アルビレックス新潟の奇跡:池田弘が語る人と組織の育て方(第3回)--日本人にはベンチャーのDNAがある
--そういうチャレンジ精神を持ったときの若者のパワーや可能性を、どのようにとらえていらっしゃいますか?
「こんなことで自分の人生が終わってたまるか」というぐらいの気持ちがないとダメですね。最近は若者が保守化していて、そういう思いを持つ人が少なくなってきたとも言われますが、底流にはちゃんといると思います。
やはり、人は誰もが「幸せになりたい」「いい人生を送りたい」という願望がある。しかし日本は戦後、それなりの経済大国になったことで安定志向になり、世の中があまりにも「安全に生きることが一番」「勉強をがんばれば幸せになれる」と言いすぎました。しかし今になって、勉強をがんばっても幸せになれないかもしれないというふうに、雲行きが怪しくなってきた。だから、今の社会は不安に満ちているのだと思います。
就職活動でも、大企業にばかりエントリーして、面接さえしてもらえずに落ちていく人たちがたくさんいますが、それは必ずしも本人が悪いわけではなくて、育てられ方がすでに安定志向になっているからですよ。

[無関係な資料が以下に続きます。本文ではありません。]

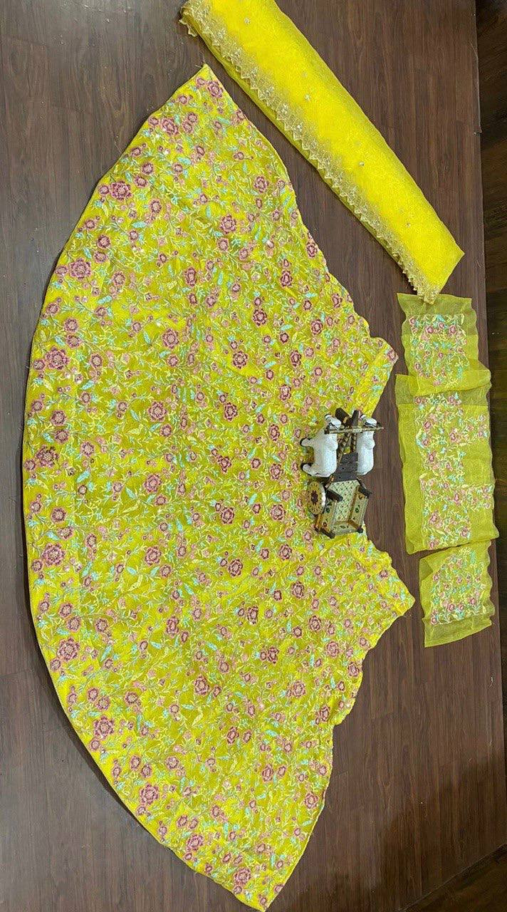 Turn heads with this stunning Organza Silk Embroidered Lehenga, designed to bring elegance and grandeur to your special occasions.

本当は、チャレンジすることや自分で自分の人生を切り開くということはとても素敵なことなのですが、それらが良しとされる社会にはなっていないんです。それよりは官庁や大企業に入ることが幸せだと思っていたわけですが、上の世代を見ると、どうもそうではなくなってきた。「なんかおかしいな」という感じだと思いますが、そんなことを考えているぐらいだったら「チャレンジしろよ」と言いたいですね。